Six North Dakota Legislators Introduce Another Bill to Stifle Initiatives

Six North Dakota legislators have introduced HCR3011, which would make it illegal for initiative circulators to be paid. HCR 3011 also imposes a severe county distribution requirement on statewide initiatives, requiring a substantial number of signatures from each of 27 counties in the state. Here is the text of the bill.

Both aspects of the bill are unconstitutional. The U.S. Supreme Court struck down laws that make it illegal to pay circulators in 1988, in Meyer v Grant. And the U.S. Supreme Court struck down county distribution requirements for statewide petitions in 1969, in Moore v Ogilvie.

The bill also increases the number of signatures for statewide initiatives that change a statute, from 2% of the population of the state, to 3%. The six sponsors are: Representatives Al Carlson (R-Fargo), Jeff Delzer (R-Underwood), Bill Devlin (R-Finley), Dave Monson (R-Osnabrock), and Senators Tony Grindberg (R-Fargo) and David Hogue (R-Minot). Fortunately, if this bill passes, it cannot take effect unless the voters approve it.

This is the second attempt to injure initiatives. As reported earlier, the North Dakota Senate has already passed SB 2183, to require initiative circulators to have lived in North Dakota for two years. Thanks to Paul Jacob for this news.

Idaho Senate Passes Bill that Vastly Increases Difficulty of Putting Statewide Initiatives on the Ballot

On March 11, the Idaho Senate passed SB 1108, which requires statewide initiative proponents to obtain a substantial number of signatures in each of half the legislative districts in the state. All seven Democrats in the State Senate voted against it, but only three Republicans voted against it: Senators Clifford Bayer, Bob Nonini, and Steve Vick. The Senate vote was 25-10. However, at the hearing earlier, the public testimony had been overwhelming against the bill; see this description of the groups and individuals who testified on each side. Thanks to Paul Jacob for this news.

New California Registration Data

According to each of the 58 county election departments of California, current registration data for each qualified party is: Democratic 7,921,721; Republican 5,216,494; American Independent 475,281; Green 112,881; Libertarian 109,618; Peace & Freedom 61,506; Americans Elect 3,413; unqualified parties and miscellaneous 352,775; no party preference (formerly called “Declines to state”) 3,459,782.

The California Secretary of State will soon release a new registration tally, and that tally won’t match these figures exactly. These figures were obtained by contacting each county elections office. Some counties were more easily able to forward the February 10, 2013 tally data, whereas other counties were not able to do that easily, and so just gave the current tally, which would as of some date in the first twelve days of March 2013. By contrast, when the Secretary of State releases her report, the totals for all counties will be the February 10, 2013 data.
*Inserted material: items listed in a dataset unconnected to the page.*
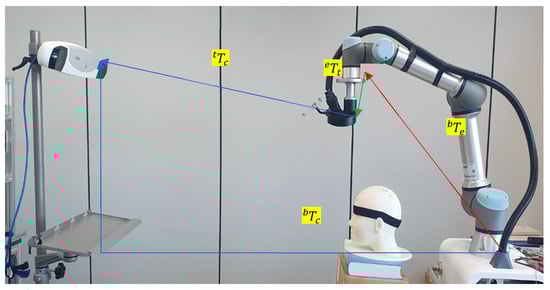The remainder of this paper is organized as follows: Section 2 describes the method of calibrating the coordinate system between the camera and the base of the robot manipulator. Section 3 explains the planning of the trajectory from the initial pose to the target pose until the TMS coil contacts the head. Section 4 describes the force and torque control strategies used to improve the accuracy and contact. Section 5 describes the manner in which the robot manipulator tracks the target point when the subject’s head moves. Section 6 describes the experimental setup and processes, and Section 7 presents the experimental result. A discussion of this study with the future work is presented in Section 8. Finally, the conclusions of this study are presented in Section 9.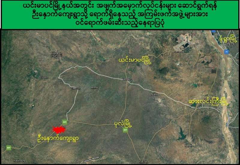 စစ်ကိုင်းတိုင်းဒေသကြီး၊ ယင်းမာပင်မြို့နယ်အတွင်း အကြမ်းဖက်လုပ်ငန်းများ လုပ်ဆောင်ရန်အတွက် ဦးနှောက်ကျေးရွာ၌ အစည်းအဝေး ပြုလုပ်ရန်စုဝေးနေသည့် PDF အမည်ခံ အကြမ်းဖက်သမားများအား လုံခြုံရေးတပ်ဖွဲ့ဝင်များက ယနေ့တွင် သွားရောက်ဖမ်းဆီးခဲ့ရာ အပြန်အလှန်ပစ်ခတ်မှု ဖြစ်ပွားခဲ့ပြီး အကြမ်းဖက်သမားများထံမှ အလောင်း ၅ လောင်း၊ လက်နက်၊ ခဲယမ်းနှင့် ဆက်စပ်ပစ္စည်းအချို့ သိမ်းဆည်းရမိခဲ့သည်။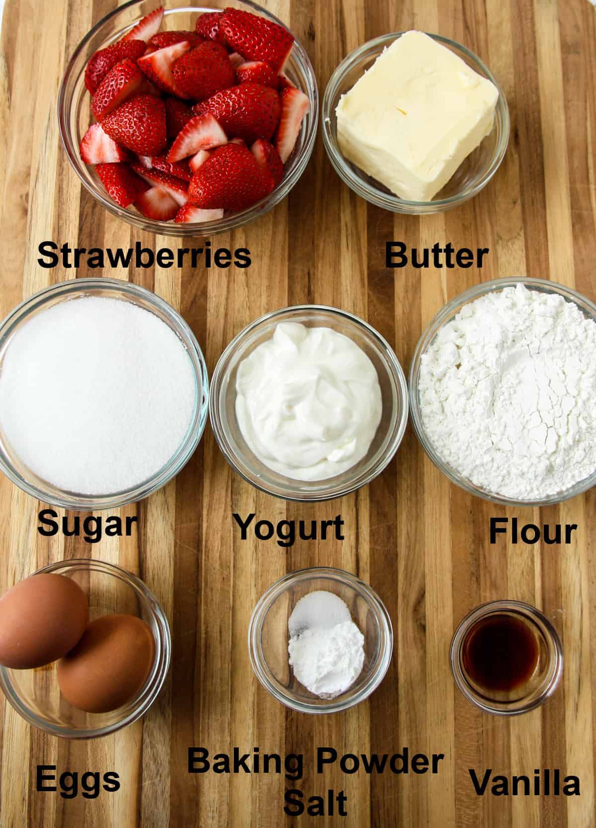 - Strawberries: Fresh strawberries are a necessity here. Frozen strawberries will add too much moisture to the cake. Look for fresh, ripe strawberries.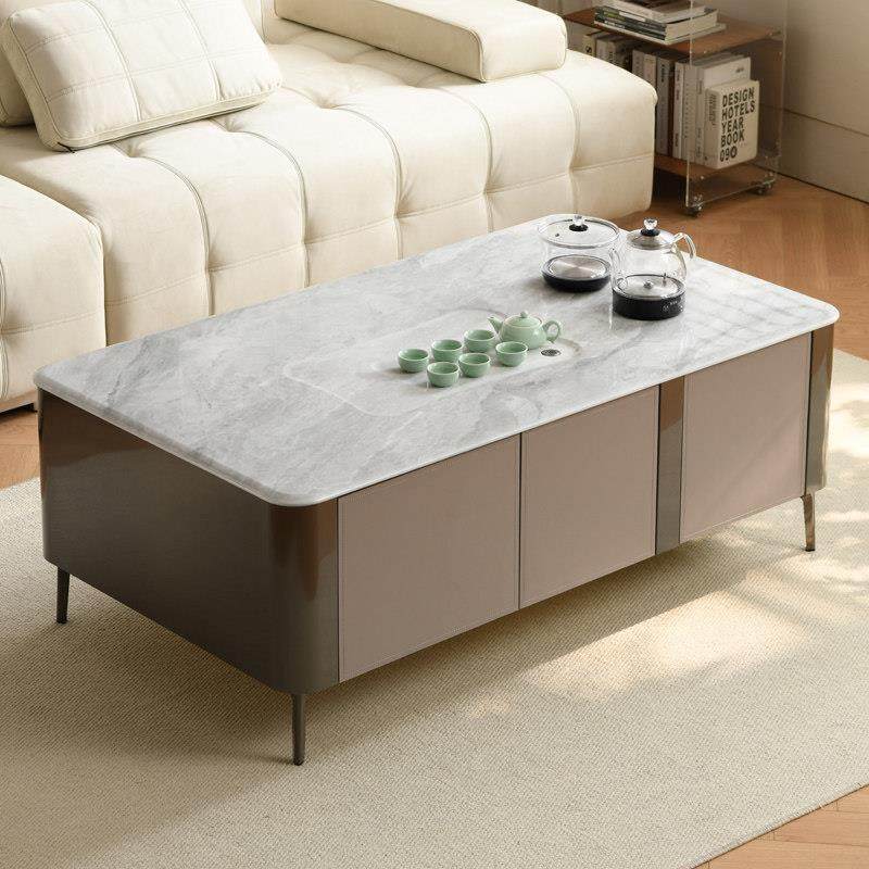 新款超晶石大理石功夫茶几电视柜实木客厅意式极简家具马鞍皮茶桌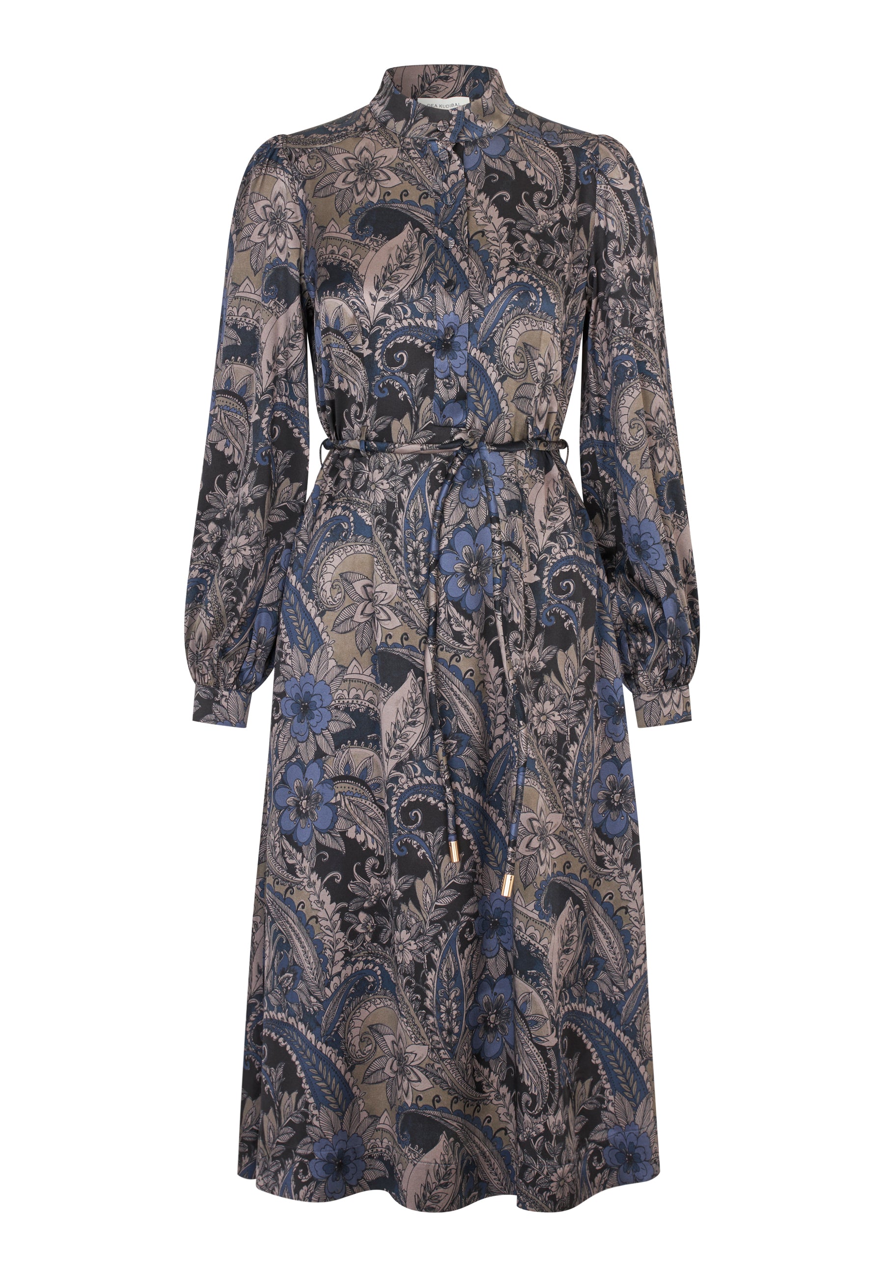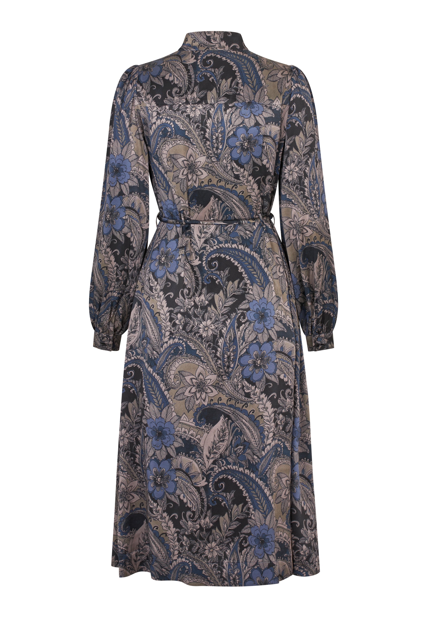 Elegant silkekjole med kinakrave, knaplukning på den øverste halvdel samt ærme med puf og manchet. Kjolen har overskæring i taljen, som understeges med et tyndt bælte kjolens materiale. Printet er et paisley i smukke sort blå og beige nuancer.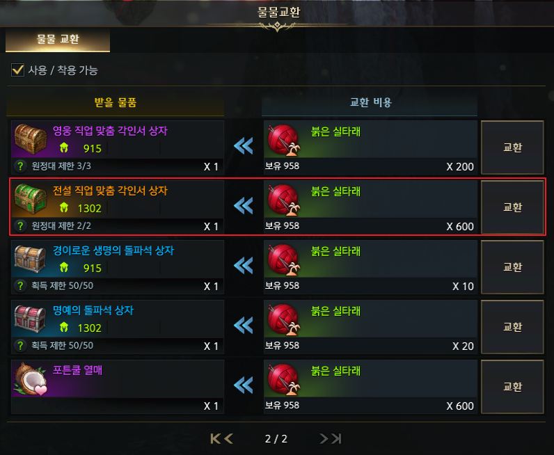 물물교환 2페이지에 전설 직업 맞춤 각인서 상자가 보입니다. 원정대 제한으로 총 2개까지 교환 가능하며 붉은 실타래 600개가 필요합니다. 퀘스트와 탄식의 정원 던전 2번 완료하면 각인서 상자 2개 모두 열 수 있습니다. 참고로 고급, 영웅 직접 맞춤 각인서 상자도 있으므로 일일 퀘스트로 입장권 획득 후 탄식의 정원 던전을 하루에 한 번씩 돌아주세요.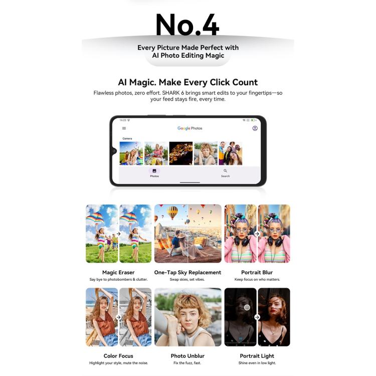 6. Display: 6.88-inch HD+IPS, 720x1640 Resolution, 120Hz Refresh Rate, 89.7%, 20.5:9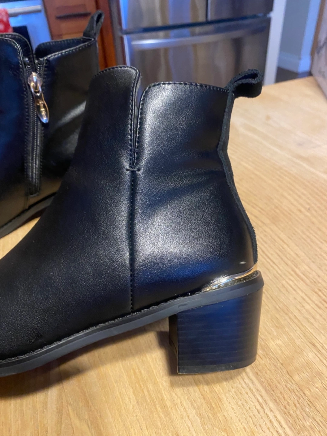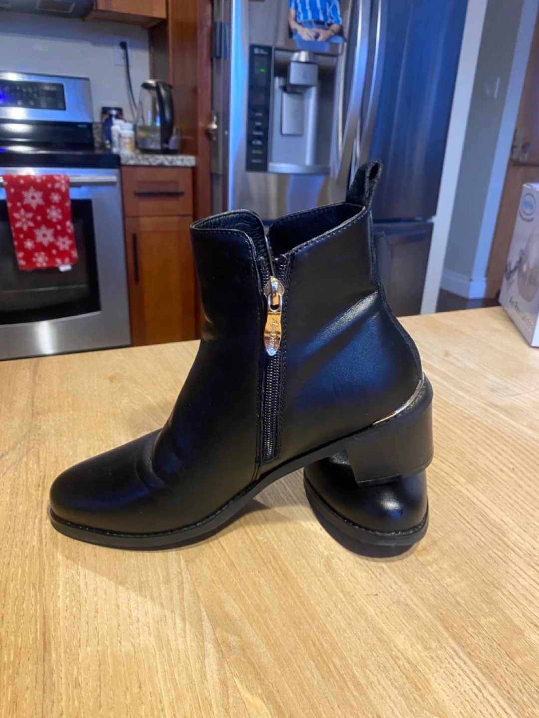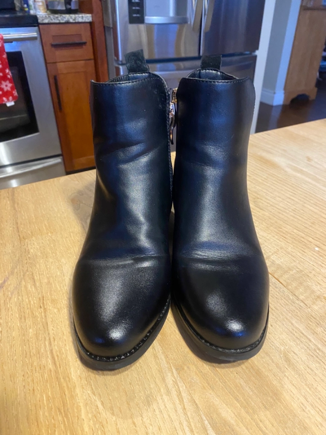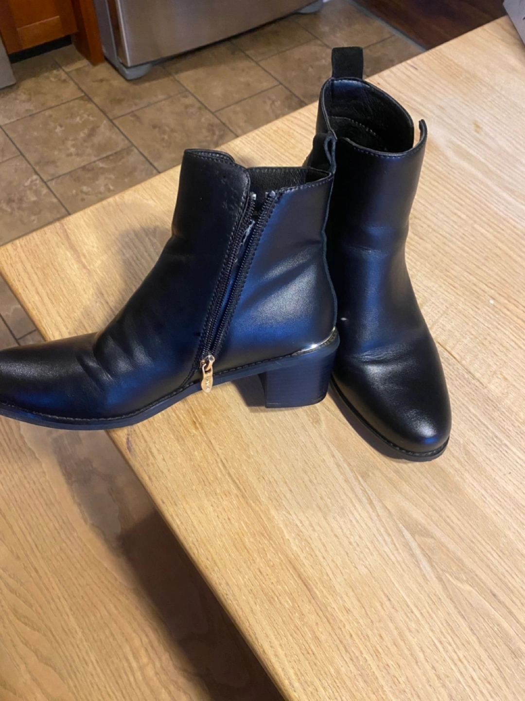 20Black leather ankle boots. Side zipper closure. Low block heel. Size 8 Medium width . Water resistant. These boots have the perfect heel to give you just a little height !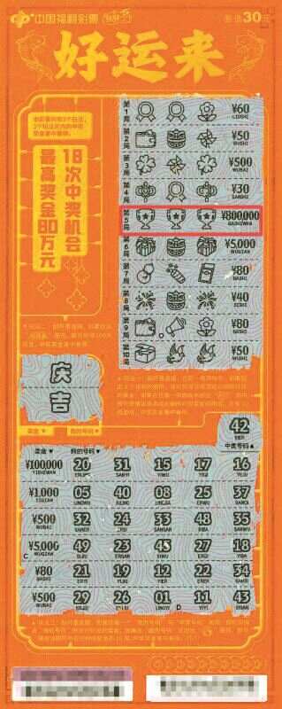玩法二:刮开覆盖膜,如果刮出“好运来”图符,即可获得100元奖金,中奖奖金兼中兼得。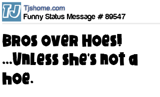 - # 204616 Personally, I don't believe in Bros Before Hoes or Hoes Before Bros. There needs to be a balance. Sort of a homie-hoe-stasis.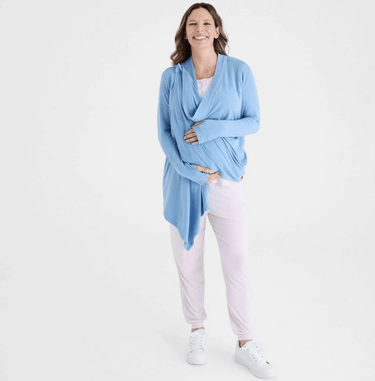 the do it all cardigan enhances your wardrobe with a piece that checks all the boxes, no matter your stage in life: at the office, out with friends, traveling, nursing or pumping, pregnant or not. innovative magnetic closures create a wrapped, cowl neck look and privacy when you need it. silky soft TENCEL™ modal is blended with french terry for a medium weight and luxurious feel that softly cocoons a growing belly, but also drapes beautifully if you’re not pregnant.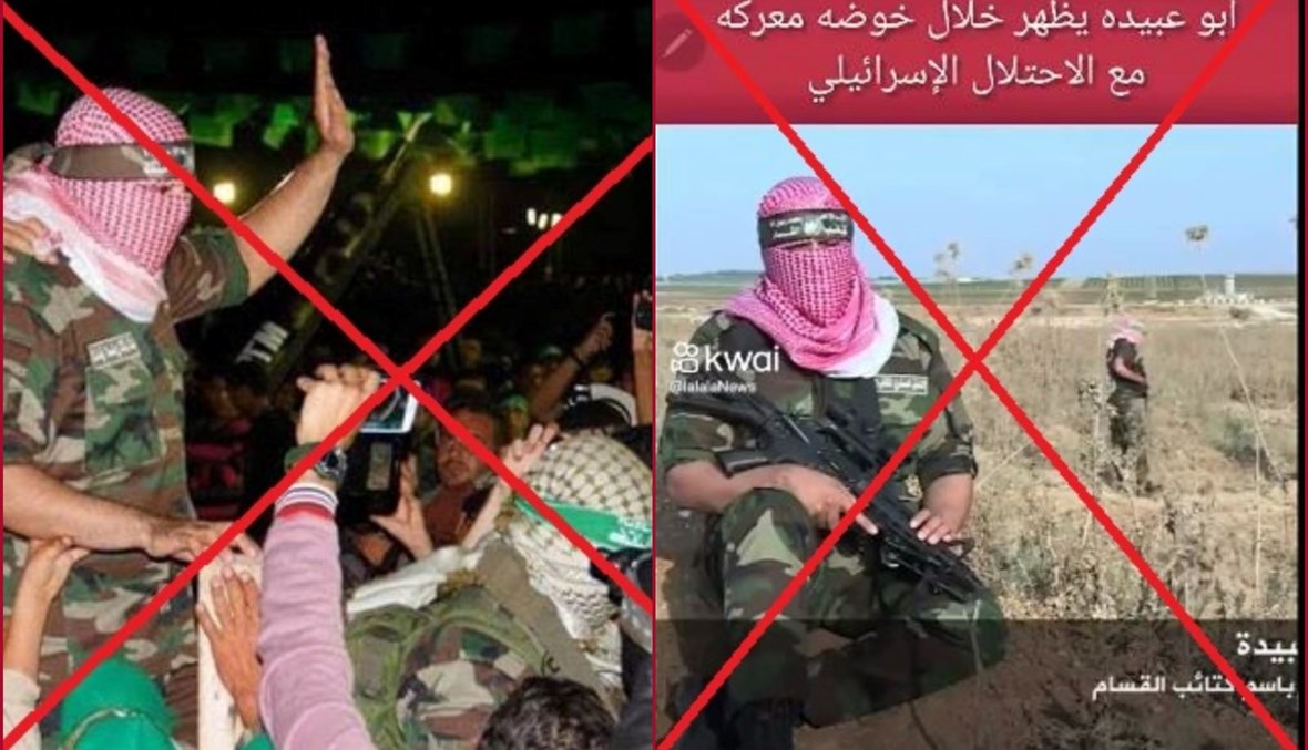 النتيجة: اذاً، لا صحة للمزاعم ان الصورة والفيديو المتناقلين يظهران أبو عبيدة، الناطق باسم كتائب عز الدين القسام -الجناح العسكري لحركة المقاومة الإسلامية (حماس)، خلال الحرب المتواصلة بين إسرائيل وحركة حماس. في الواقع، الصورة تعود الى تشرين الثاني 2014، وتظهر أبو عبيدة يحيي الناس خلال مهرجان في رفح. والفيديو مجتزأ من تقرير نشرته قناة "الجزيرة" في أيلول 2015، عن رجال من المقاومة الفلسطينية هاجموا الموقع الإسرائيلي في معركة ناحال عوز.
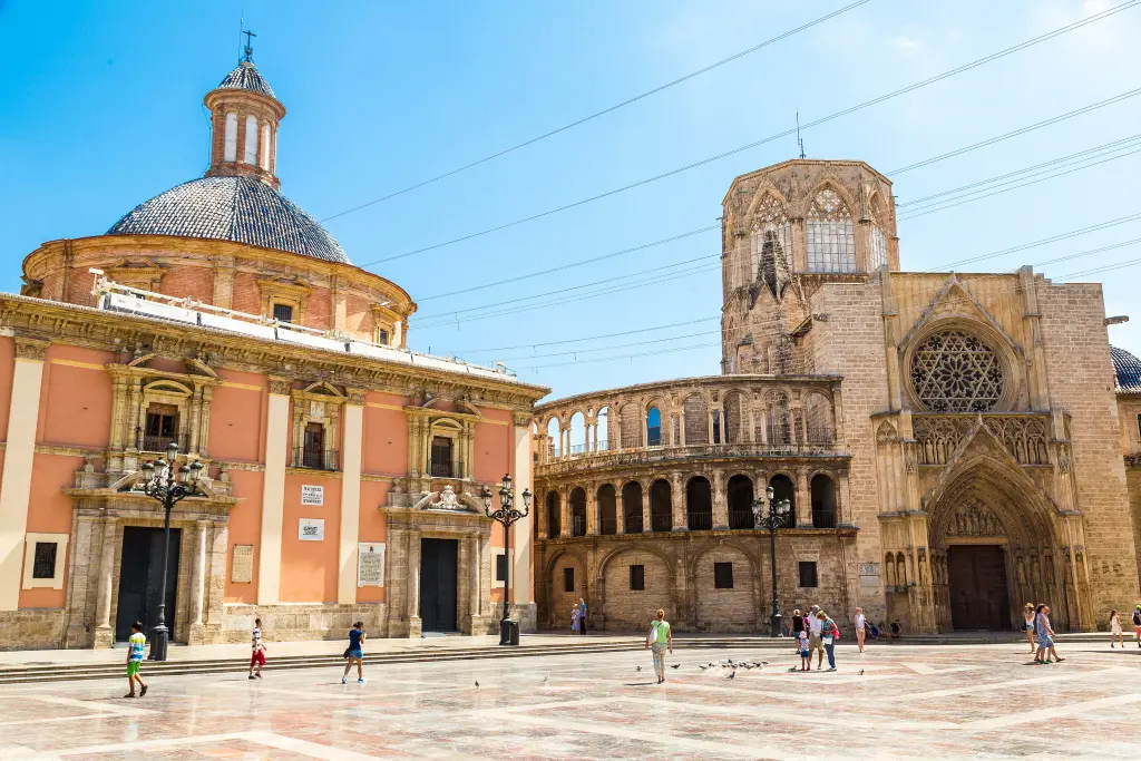 Gotička katedrala u kojoj se prema predanju čuva Sveti Gral, sa svojim zvonik tornjem pridodatim poznatim kao EL MIKALET, jednim od simbola grada, okrenuta je ka trgu sa svojim spektakularnim bočnim APOSTOLSKIM VRATIMA. Katedralu ćemo obići spolja upoznajući je i sa druge, čeone strane, gde se ona sa svojim, glavnim, baroknim ulazom otvara ka sledećem predivnom gradskom trgu – TRGU KRALJICE (PLAZA DE LA REINA). Oko vrlo živog trga niže se mnoštvo kafea i restorana, a uokviruje ga zeleno rastinje palmi koje pruža hlad na brojnim klupama ovog lepo uređenog prostora koji je poput dnevne sobe grada.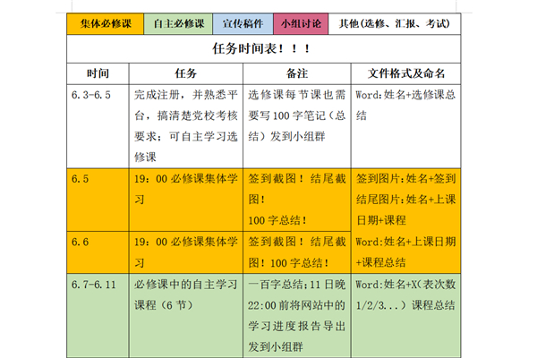 悄然间我们已经上了两周的党课,全体学员在“云端”共同学习党课知识。虽然是线上的自主学习,但老师们也给予了高度的重视,并详细介绍了课程具体的工作安排与考勤方式。老师和班委结合实际情况,为我们制定了详细的学习计划表,将任务落实到每一天,让我们认识到即使是线上自主学习,也不能对它有一丝的轻视和放松。全体学员遵守上课纪律,按时签到打卡,认真聆听各位老师对党史的精辟解析,老师们独到的见解让我们深受教育和鼓舞。通过这次学习,同学们坚定了追求共产主义理想的信念与决心,立志做有责任有担当的当代新青年!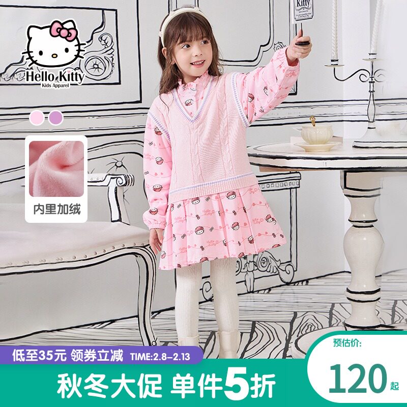 Hello Kitty, весенний флисовый комплект, платье, детская одежда, подходит для подростков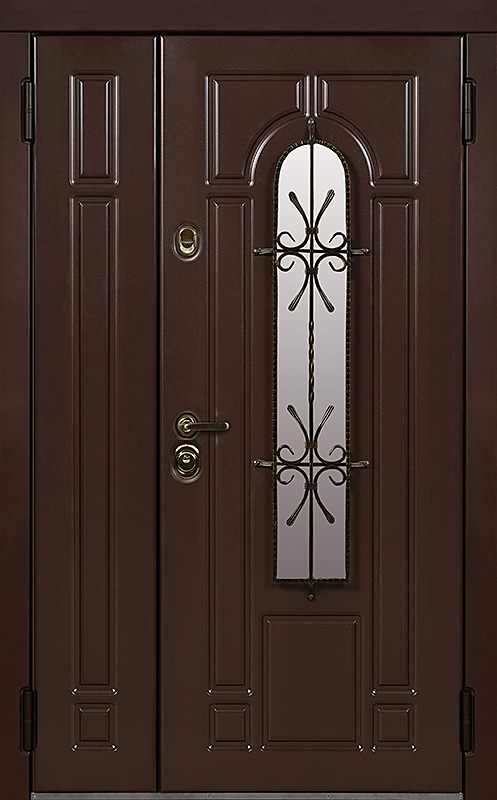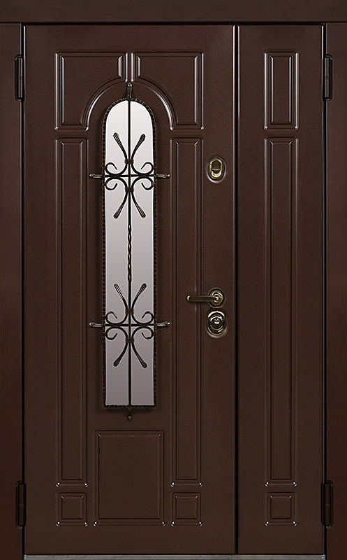 Эта металлическая двухстворчатая дверь с арочным стеклопакетом №15 представляет собой идеальный баланс между эстетикой и прочностью. Арочное стекло добавляет в её дизайн утончённость, а ковка в декоре придаёт изысканный, но в то же время крепкий и надёжный вид. Плита МДФ, используемая как для внешней, так и для внутренней отделки, не только сохраняет прекрасный внешний вид, но и устойчива к механическим повреждениям. Металлическая двухстворчатая дверь с арочным стеклопакетом №15 от производителя: быстрое изготовление и монтаж в Чехове, индивидуальные размеры, широкий выбор материалов и фурнитуры, официальная гарантия до 10 лет.

The number of registered voters dropped to 17,713,471. This is because many counties have purged voters who have not voted in either of the last two statewide elections. The purge in Orange County was especially severe, and registration dropped from 1,683,001 in October 2012 to 1,397,665. Orange County registration will rise in the next few weeks as some of the voters who received the postcard will respond that yes, they are still at the same address.

Every qualified political party in California now has a higher share of the registration than it did on the last state tally, the October 22, 2012 tally. The only category that declined as a percentage are the No Party Preference voters, formerly known as Declines to State voters, and also known as independent voters. In raw numbers, because the state registration as a whole declined, all the parties have fewer registered voters now than they did in October 2012, except that the Libertarian Party and Americans Elect have more than they did then. The current total for those two parties is the highest in the history of each of them.

Florida Bill to Correct Unjust Law on Filing Fees

Florida has the highest candidate filing fees in the nation. And an obscure law says that when a candidate gets on the ballot by collecting signatures in lieu of the filing fee, if he or she wins, and still has money left over in his or her campaign account, the fee must still be paid, after the election is over. See this story, which says that an election law bill moving through the legislature will be amended to delete this utterly irrational requirement.